Objective: To understand if autoantibodies account for racial variation in disease severity, we compared autoantibody distribution and associated phenotype between self-identified black and white systemic sclerosis (SSc) patients.
Methods: 803 black and 2178 white SSc patients had systematic testing for autoantibodies using Euroimmun (centromere (ACA), RNA-polymerase III (POLR3), Scl70, PM/Scl, NOR90, Th/To, Ku, U3RNP and Ro52) and commercial ELISA (U1RNP). In this observational study, logistic regression was performed to assess the association between self-identified race and outcomes, adjusting for autoantibodies. To estimate whether the effect of race was mediated by autoantibody status, race coefficients from multivariate models including and excluding autoantibodies were compared.

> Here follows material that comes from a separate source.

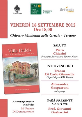 TERAMO – Venerdì 18 Settembre 2015 alle ore 18 presso il Chiostro Madonna delle Grazie a Teramo, presentazione del libro Villa Dulcis del prof. Giovanni Gasbarrini. Teramo Nostra, FAI delegazione di Teramo ed Artemia Edizioni organizzano dunque un salotto culturale per la presentazione del volume, pubblicato da Artemia Edizioni di Mosciano Sant’Angelo.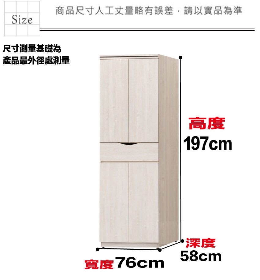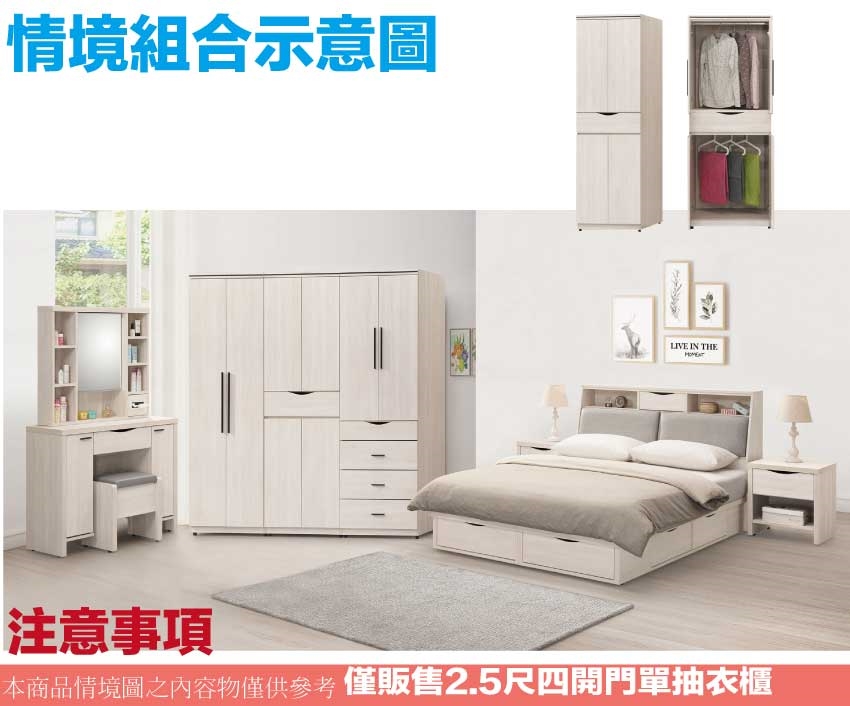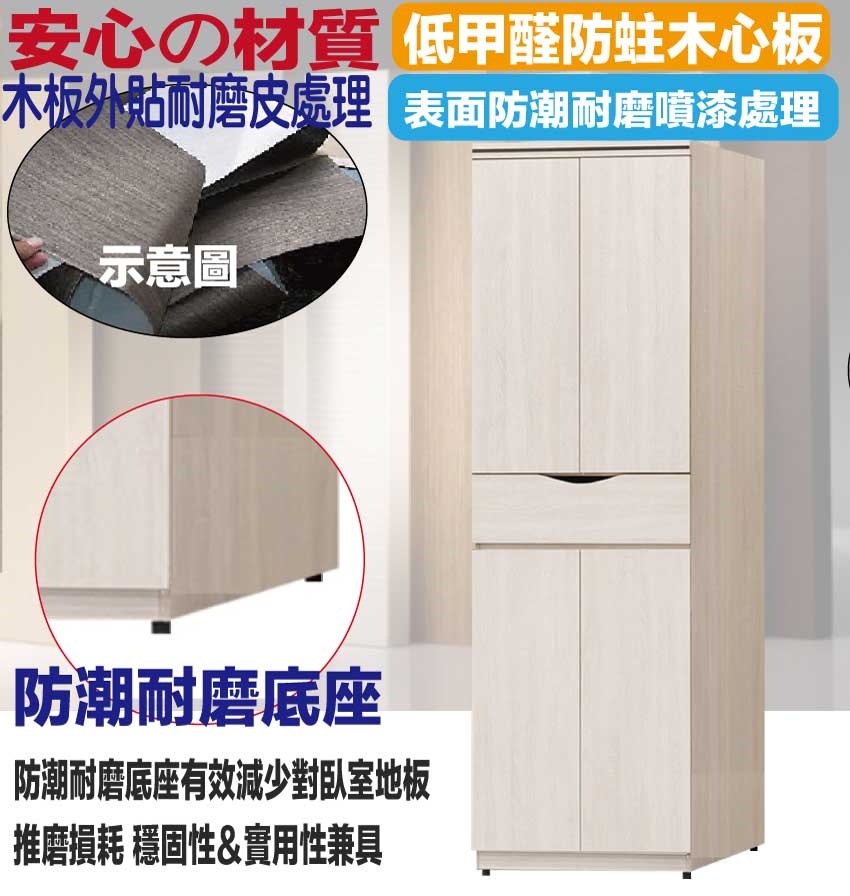 - ◆產品名稱:【綠家居】海島2.5尺四門單抽衣櫃

Results: Anti-Scl70, anti-U1RNP, anti-U3RNP, anti-Th/To, anti-Ku and anti-NOR90 were more common in the black cohort than in the white cohort, which was enriched for ACA, anti-POLR3 and anti-PM/Scl. Black individuals had a higher prevalence of severe Raynaud's, skin, lung, gastrointestinal and renal disease whereas white individuals had a higher prevalence of severe heart and muscle disease. Adjusting for autoantibodies decreased the effect of race on outcome for telangiectasias, forced vital capacity <70%, pulmonary hypertension and severe lung, heart, muscle and gastrointestinal disease by 11%-44% and increased the association between race and renal crisis and severe kidney disease by 37%-52%.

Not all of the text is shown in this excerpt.